For me, it was a combination of burnout and mediocrity. Maybe I wasn't mediocre, but I was in my own eyes. My PR's got more and more mediocre as I got older due to over-training (that's my theory, at least).
I ran a 4:54 1600m in 7th grade, a 4:25/1:59.1 1600/800 in 9th, a 4:15 as a junior and low 15's 5k XC as a junior. My senior year was a complete wash. By the time I was a college freshman I was running just 33:xx in 10k XC. Sometimes I still think about "what could have been." Maybe a low-14 5k and a 4:05 mile.
Additionally, I had an intense drive to lift weights that began somewhere around my senior year in HS that made the choice to hang up the spikes that much easier. Roughly 8 years after calling it quits I'm a happy weightlifter/bodybuilder who can still squeak out a 5:40 mile. :)
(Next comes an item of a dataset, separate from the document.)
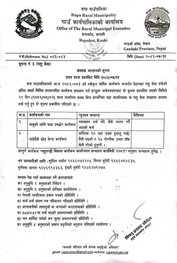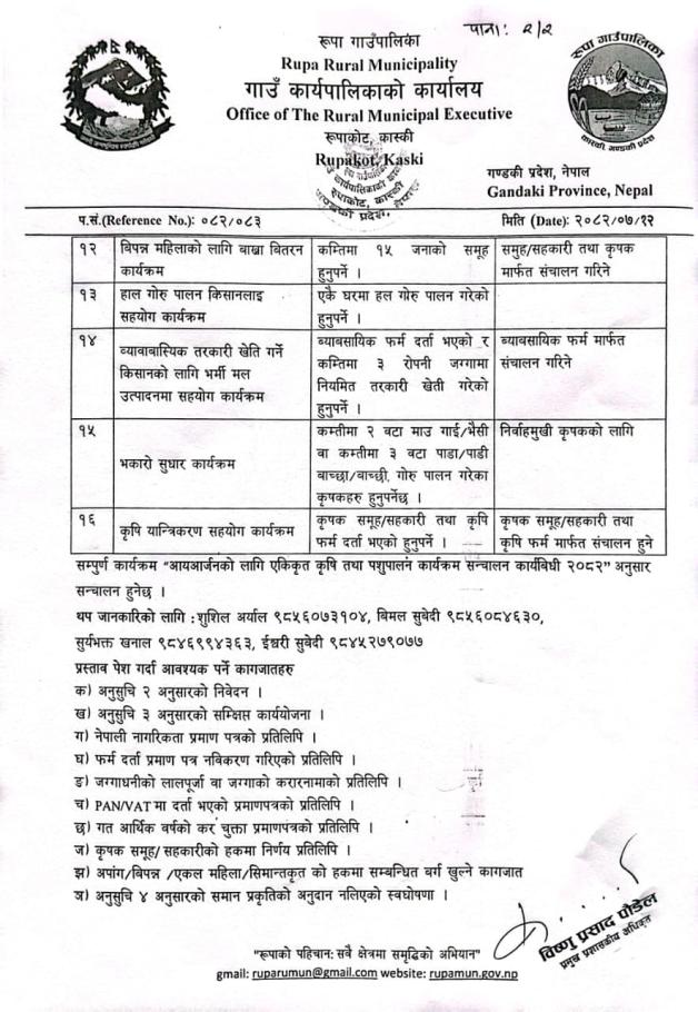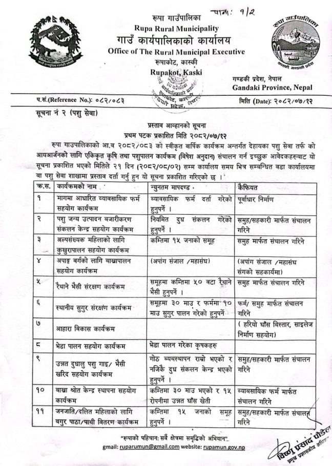 रूपा गाउँपालिका कास्कीको निति तथा कार्यक्रम २०८१।०८२

Once I get to the point where I'm having to do more work for the same results, I will quit
After 4:54 you jumped the shark .
Boredom, honestly. Still jog around the neighborhood for a couple miles, but do other activities for actual fitness. Foing out for an hour run now is completely out of the question. Zero interest. Still enjoy reading about and watching the sport though, and making dumb ass comments on a dumb ass forum.
No sh!t, Sherlock.
That is almost world class talent. I know several guys who were sub-4 or at 3:40 level as a college runner who were at 4:10-4:12 for the mile as a HS senior. Steve Spence, Jim Stintzi, Tim Hacker, George Malley, Herb Lindsay, Greg Meyer.
4:25/1:59 as a 9th grader is otherworldy talent. Alan Webb ran 4:20 for 1600m and was one of the top talents the world has ever seen. A hard-training runner who still runs 4:35 as a senior is mediocre, you were something special.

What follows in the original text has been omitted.